Blowin’ in the wind

Yesterday, while outside with my old dachshund, Nikolaus, I saw this old dandelion.

It stood trembling in the soft spring breeze, holding its seeds tight under its parachute sphere, and I thought Any second now they’ll be blowing in the wind.

Which reminded me of the song.

When I was a child my parents had a stack of record albums, and in it was Peter, Paul and Mary’s In the Wind. Only now do I wonder which of them purchased it, for my young father and mother seemed more representative of the fifties than the sixties. No beads and long hair or tie-dye. Daddy wore a crew-cut all of his adult life. My parents were . . . just parents. Pretty mainstream. I don’t know how old I was when I first heard the album, but as a child I played it over and over on the old stereo, a huge, bench-like piece of furniture on four legs that took up half the length of the living room wall.

Bob Dylan’s “Blowing’ in the Wind” was one of my favorites, mostly because Peter, Paul, and Mary’s harmony was as haunting as his lyrics. But it wasn’t the song I loved most on the album.

That was “Stewball.”

It’s about a racehorse, the underdog, and how a man laments betting all of his money on “the gray mare” and “the bay,” how he wishes that he’d bet on Stewball, who somehow managed to win the race.

The ballad’s content is mournful—Oh, the hoot owl she hollered, and the turtledove moaned, I’m a poor boy in trouble, I’m a long way from home—but the instrumentals jingle along, almost incongruous with the words.
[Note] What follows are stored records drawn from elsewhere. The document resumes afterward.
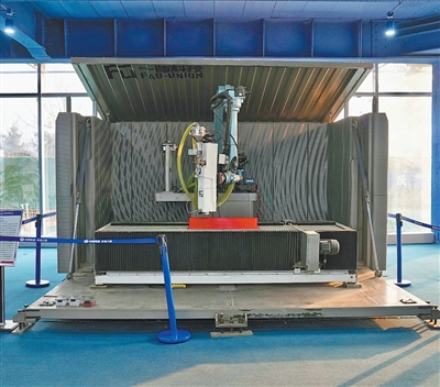河北“雄安之翼”主楼一层的“胶囊工厂”内,3D打印机在打印外墙板材。 |
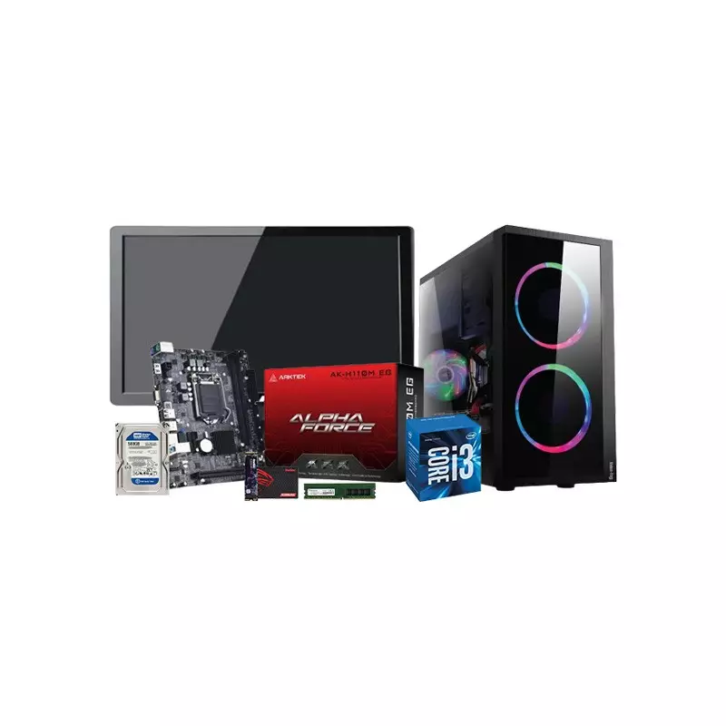 The Intel Core i3 H110M Motherboard 8GB RAM 256GB SSD Corporate PC with Wide Monitor, complete with a powerful desktop unit and a widescreen monitor for an immersive computing experience in your office environment. Powered by an Intel Core i3 6th Gen processor, our Corporate PC is engineered to handle everyday tasks with ease, ensuring efficient performance and seamless multitasking capabilities. Paired with an H110m motherboard, expect stable connectivity and reliable operation for all your business needs. With 8GB of Adata DDR3 2666MHz RAM, this PC delivers swift responsiveness and smooth execution of applications, allowing you to maximize productivity throughout your workday. The inclusion of a Kingspec 256GB M.2 NVMe SSD ensures lightning-fast boot-up times and rapid data access, while the mixed 500GB SATA HDD offers ample storage space for your files and documents. Housed within the sleek Value-Top Vt-R858 Micro ATX desktop casing, this PC not only offers a compact and professional appearance but also ensures efficient heat dissipation and stable power delivery with its 200W PSU. But the package doesn't end there. We've included the Starex 19-inch LED widescreen monitor to complement your desktop setup. With its wide display and vibrant visuals, this monitor provides an immersive viewing experience, perfect for presentations, data analysis, and multimedia tasks. Upgrade your office environment with our Corporate PC package, combining powerful performance with high-quality display technology for enhanced productivity and efficiency. Experience seamless workflow and superior computing with this comprehensive desktop
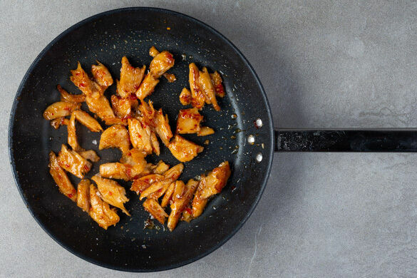 Das Veggie-Fleisch in einer mittelgroßen Pfanne mit 1EL Olivenöl bei mittlerer bis starker Hitze auf jeder Seite 2–3Min. braten. Anschließend die Sweet-Chili-Sauce dazugeben und ½–1Min. mitbraten, bis die Sauce etwas eingedickt und das Veggie-Fleisch vollständig davon bedeckt ist. Mit Salz abschmecken.
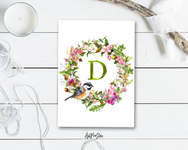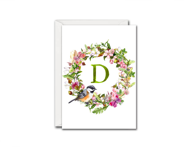 Alphabet Wreath Green Letter D Boho Floral Bird Monogram Note Cards
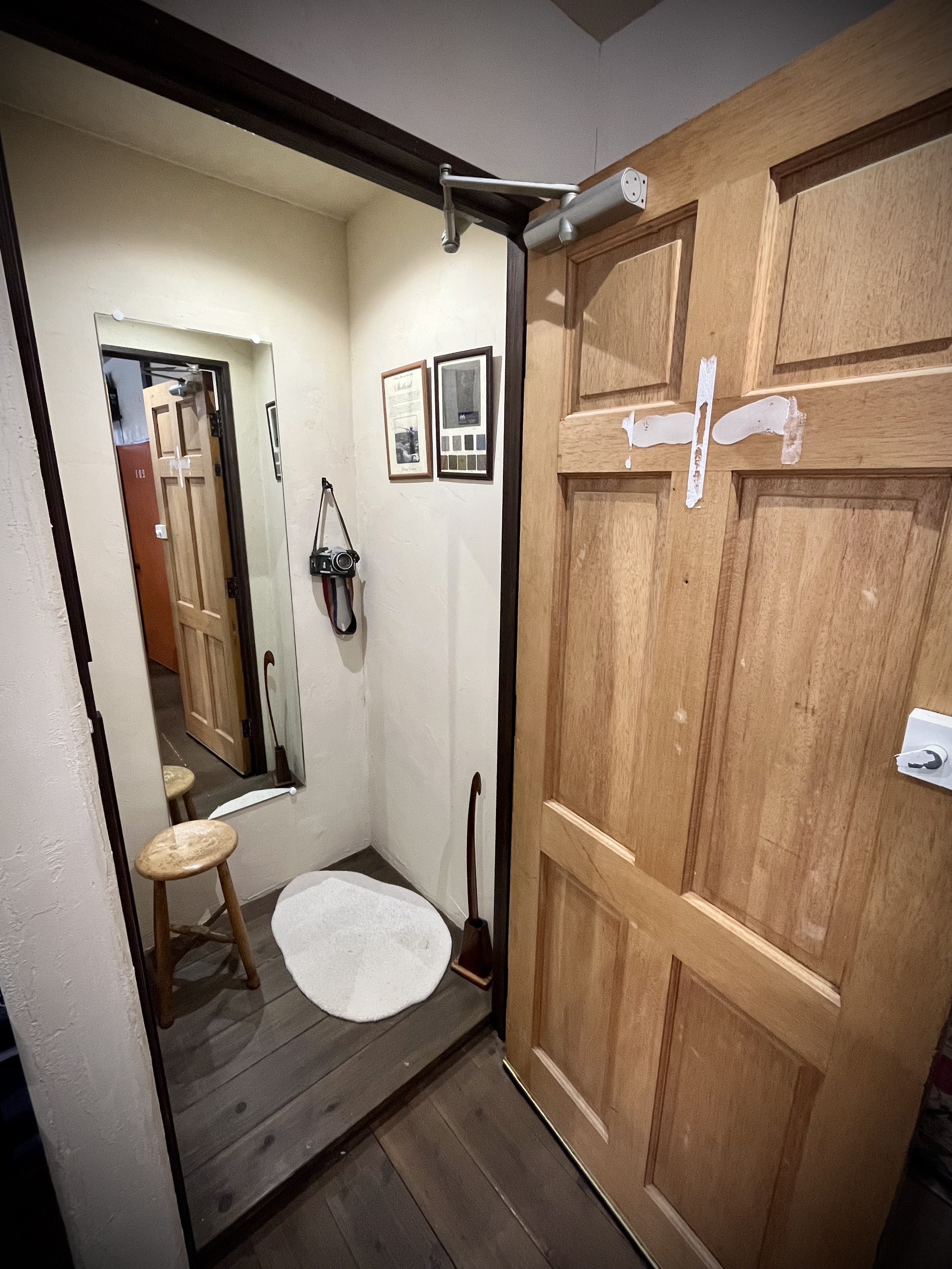 島根県大田市で生まれた島根県産ウールマット、イギリスのアンティークドアを使用したフィッティングルーム。実は靴ベラにもこだわりが...
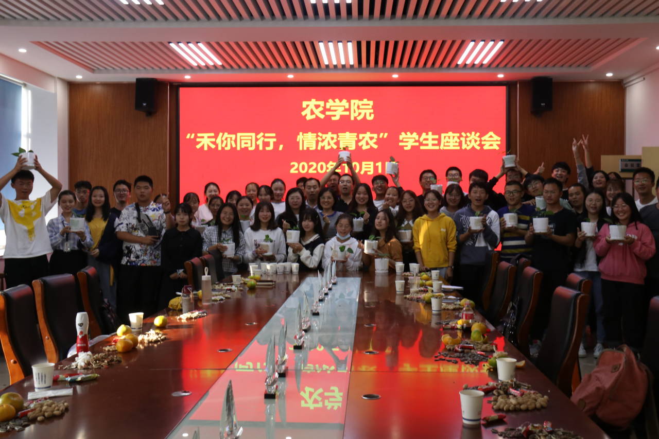 10月1日,万象城allwincity官网于生物楼举行“‘禾’你同行,情浓青农”学生座谈会,让远离家乡的农科学子在节日里感受到学院的关怀与温暖。学院党总支副书记、副院长马伟萍,副院长赵长星,团委书记石勇,辅导员刘宁、刘源,学院省外学生、少数民族学生和新生代表参加座谈会。会议由石勇主持。

Perhaps not as incongruous as me, less than ten years old, swinging as hard as I can, round and round on a tire swing that Granddaddy hung from a pecan tree in the yard of my father’s childhood home, singing at the top of my lungs: Oh, Stewball was a racehorse, and I wish he were mine, he never drank water, he always drank wine . . . .

So long ago.

Funny how songs can weave their way through chapters of our lives, as they do through movies. There are stories to be told about the poor choices of adults, and the consequences, with “Stewball” playing in the background.

Nik the dachshund makes his way back to me, staggering in the grass. At sixteen he’s unsteady on his feet and blind; he plows into the old dandelion. Instantaneously the perfect white sphere dissolves, the seeds go airborne.

The answer, my friend, is blowin’ in the wind

The answer is blowin’ in the wind.

Maybe it’s answers I seek.

Maybe they’re seeking me.

I do not know.

But I do know that ideas are everywhere, blowing in the wind; I sense them and I know they’ll land, somewhere, sometime, that they’ll take root and grow. If I write them, they’ll spawn more and more ideas.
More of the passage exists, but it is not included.